Uno de mis grandes maestros fue Juan José, un niño de 7 años, yo le daba clases. Una vez trajo unas piezas de LEGO muy diminutas, unidas formaban un avión, él estaba empeñado en armarlo y no podía, reaccionó con llanto y frustración, pero en cierto punto dijo que iba para el baño, sonó la llave del lavamanos, salió con agua en la cara, y me dijo: ya me calmé.
Meses después volvió con otras piezas de LEGO, le pregunté si esta vez se sentía más tranquilo para intentarlo, a través de sus gafas azules me miró con extrañeza: sí, eso fue cuando tenía 6 años, pero ahora ya tengo 7, y continuó armando un castillo con las fichas.
El error es parte de cualquier proceso de aprendizaje, Juan afronta sus retos cotidianos con esa certeza; en una reciente publicación de Instagram, el psicoanalista Rodrigo Asseo escribió sobre el síndrome del impostor, sostiene que muchas personas adjudican sus éxitos a la suerte o a milagros extraños, porque no tienen todos los conocimientos ni toda la experiencia sienten que no lo merecen, eso pasa porque no comprendemos lo que Juan en su infinita inteligencia domina, y que Rodrigo concreta: “Aceptar que siempre estamos en falta y utilizar esa falta como móvil para seguir en construcción es aceptar que no somos impostores pues no pretendemos saberlo todo; pretendemos crecer, construirnos y aceptar al fin y al cabo nuestra propia humanidad sostenida por el deseo de querer saber más”.

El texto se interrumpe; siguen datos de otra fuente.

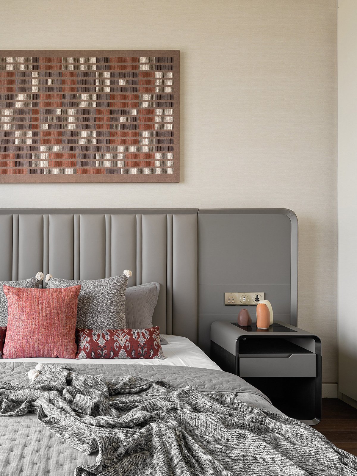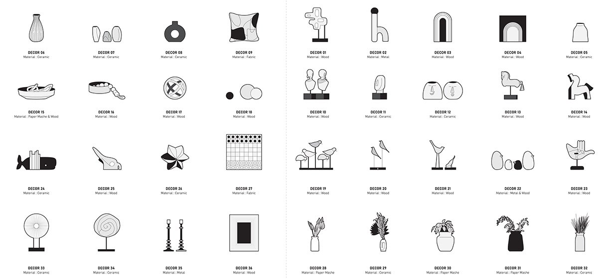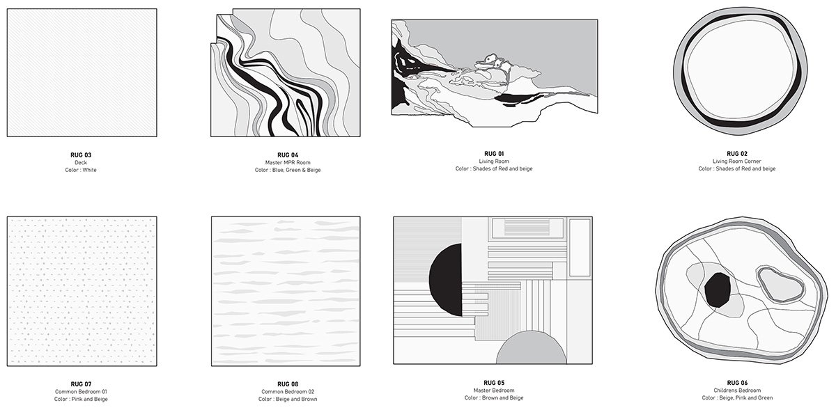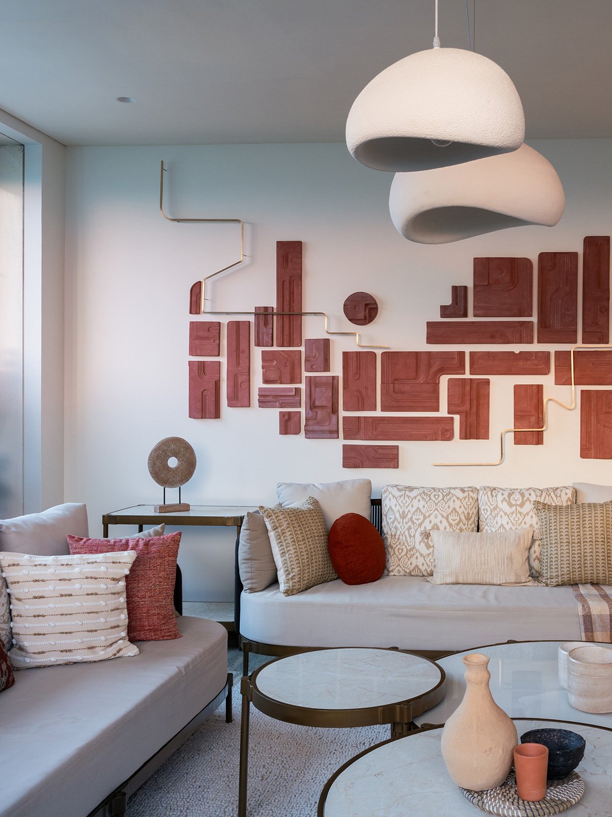 A cohesive palette of warm neutrals dominates the interiors, punctuated by earthy highlights in shades of rust, brown, and Indian red. The living room becomes the heart of the house, where a striking wall installation captures the family’s journey through evocative paintings, maps, and plans from the homes they’ve lived in. Carefully arranged in a grid, the composition features intentional voids, leaving space for framing future memories.

Esta semana conversaba con mi papá sobre el concepto de la falibilidad, el cual define la condición humana: somos propensos al error, podemos equivocarnos; entonces hablamos de la importancia de sabernos falibles para tener poder de acción y para ver al otro con más compasión, como Juan, quien no solo tenía la capacidad de autoevaluarse tan orgánicamente, también podía animar a su hermana a disfrutar el proceso de hacer un dibujo imperfecto, una pintura que se saliera de la línea, y reconocer la importancia de intentarlo.